Никто говорит: «Отправляется поезд. Время садиться». Вздрогнул отец. И — изнутри затрясся криком плаксивым: «Дайте проститься!». Пальцы трясутся тысячелетней вибрацией. Солнце садится. Мать перепугана. Мать всполошилась! Вскочила на лапки и — пррррррррррыг! — на перрон. В холод смертельный, в жгучий мороз. Звякнул о камень перрона портсигар серебристый. Отец — на колени. Рыщет, ищет. «Держите! Держите!» Тянут за плечи меня. Тянут в вагон. С улицы крик раздаётся пронзительный: «Мать! Мать-мать-мать-мать-мать-мать-мать-мать-мать-мать!» Всё вдруг задвигалось: люди задвигались. Толпы несутся, толпы стоят. И стоя несутся. Вместе с ними — дома, сторожки, каптёрки, бытовки. Вместе с ними — транспаранты, хоругви, плакаты. Всё кувыркается и сотрясается. Эхом гремит в голове, перемежаясь стуком колёс: «Матьматьмать-матьматьматьматьматьматьматьматьматьматьматьматьматьматьматьматьма!» Она — та самая тьма! — покрывает перрон. Во тьме остаётся — никто.

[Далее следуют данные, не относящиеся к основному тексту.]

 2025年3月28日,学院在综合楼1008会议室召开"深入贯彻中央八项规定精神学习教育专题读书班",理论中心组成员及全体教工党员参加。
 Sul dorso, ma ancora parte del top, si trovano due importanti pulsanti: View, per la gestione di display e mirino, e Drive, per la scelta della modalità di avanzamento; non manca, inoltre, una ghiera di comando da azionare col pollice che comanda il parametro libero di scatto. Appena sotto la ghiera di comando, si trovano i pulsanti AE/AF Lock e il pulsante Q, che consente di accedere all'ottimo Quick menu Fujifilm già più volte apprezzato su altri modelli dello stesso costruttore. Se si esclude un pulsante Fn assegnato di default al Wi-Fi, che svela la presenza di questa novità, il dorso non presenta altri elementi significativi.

Тьма колыхалась в коробке вагона. Но в глубине проступал: лик чудотворный — он тьму бередил. И тьма отступила, ослабнув. Вниз по стенам стекла, оставив жирные пятна под лежанками пассажиров. Пассажиры гнездились на узких лежанках. Откуда-то сверху голова опустилась — почти безволосый лоснящийся шар, — зашевелила губами: «Спасителя лик?». Жирные губы лоснятся. «Вы не ошиблись». «Могу приложиться?» «Нет, не икона». «Как же?» «То пряник. Отец дал в дорогу». «А лик?» «Он от иконы — отец её сверху прижал, когда пряник готовил. Когда выпекал». «Тогда надкусить?»

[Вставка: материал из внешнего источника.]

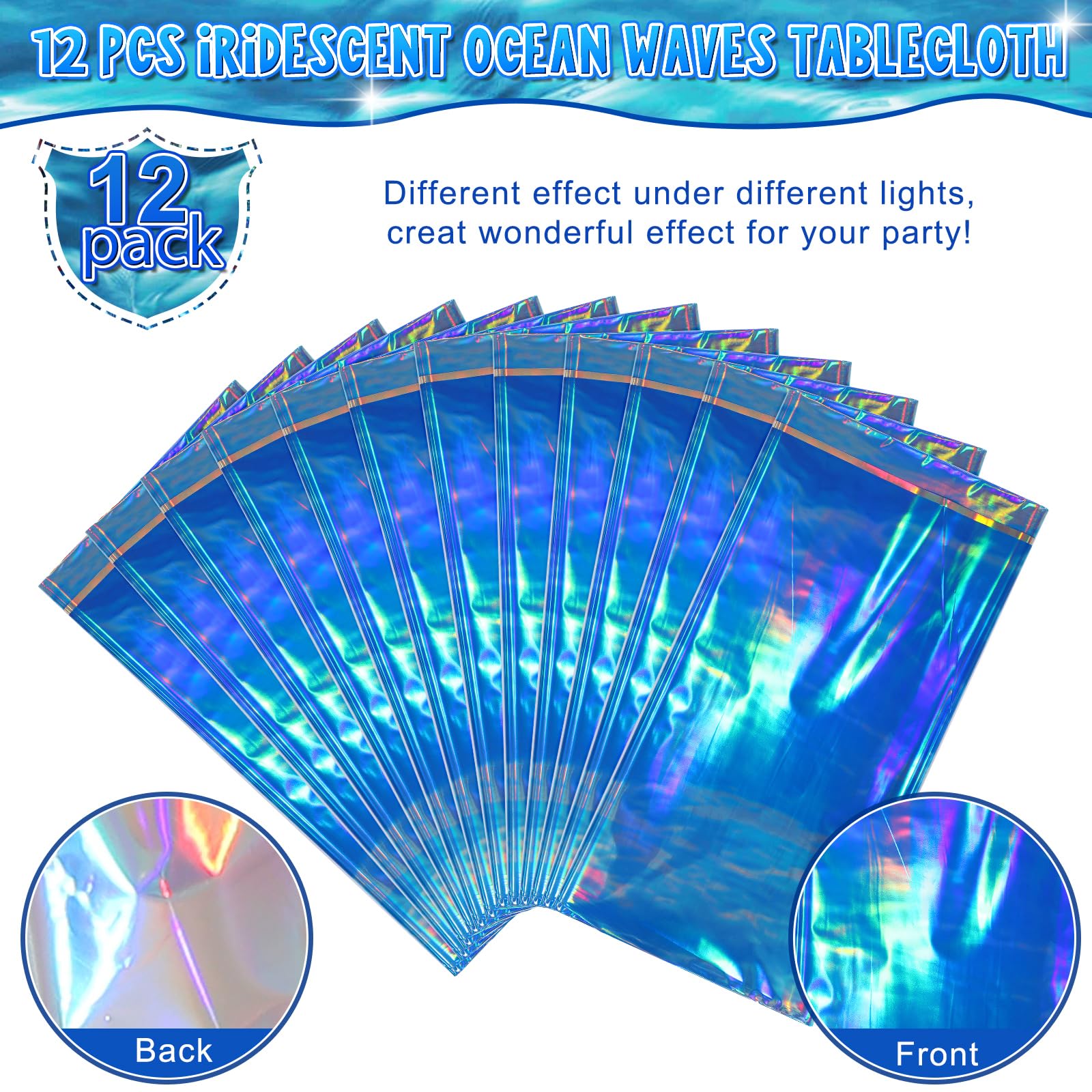 Package Include: you will get 12 pieces of plastic ocean waves tablecloths in iridescent blue,shimmery metallic look,shows different color effects under different light,will bring you a wonderful experience,it’s great for surf, pool ,under the sea and ocean themed party decorations.

Тут сбоку руки упали — на лик. Это руки старушки: «Отстаньте от юноши. Ему ещё ехать». Голова просверкнула глазами и скрылась наверх, оставив надменное: «Чаю!» Зазвенели стаканы. В проходе зашевелилось. Ложечки звонко затрепетали, касаясь стеклянных стенок стаканов. Сахар вскружился и: развоплотился — подсластил горячую чайную жидкость. Снаружи вагона — еловые ветви, быстрые капли воды, редкий солнечный лучик, бескрайней серости ширь. «Куда же вы держите путь?». «В Петербург». «Туда же, куда держат путь в этом поезде все». «Напрасно вы так: исключения из правил известны». «К чаю неплохо бы пряник». «Нет-нет. Ведь есть шоколад, сухари. Угощайтесь». Сверху шорох — тянется голова. Тяжёлым шаром катится вниз. К ней приделаны — шея и руки. Помимо этого: косматое туловище, зад, две массивных ноги с пожелтевшими толстыми пятками. Всё теперь здесь — слезло вниз и сидит, горой развалившись. И достаёт — четыре бутылки. Тёплое пиво. «Составите мне компанейство?» «Нет, извините». «Не уважаете?» «Отчего же? Просто мы — чай». Шлёп! — старушечка стукнула голову свёртком газеты. В газете — столбики клеточек. Карандашиком остро отточенным старушечка в столбики пишет слова. (Чтобы старческий сон укрепить). «Как хотите». «А в старину из бутылок подсвечия делали, знаете?» «Воск на стекле собирался причудливо». «Может, и нам так? Свечи зажжём вкруг Спасителя. Ночью он будет сиять в темноте». «В темноте грех наш невидимым делается». Шлёп! «Пейте же, пейте себе».

Чай остывает — нагревается пиво. День остывает — сгущается ночь. Шелест бумажный прошёл по вагону. Готовясь ко сну, пассажиры листают газеты и книжицы. «Вы кроссворды гадаете?». «Память плохая». «В ваши-то годы?» «Да, глупости помню, а важное — нет». «Здесь слово должно быть — владеющий миром, — в нём одиннадцать букв». «Пантакратор?» — с надеждой смотрю чрез очёчные стёкла. «Это вряд ли!» — голова засмеялась, — «Пишите по буквам: К-О-Н-С-Т-Р-И-К-Т-О-Р». В вагоне сгущается тьма.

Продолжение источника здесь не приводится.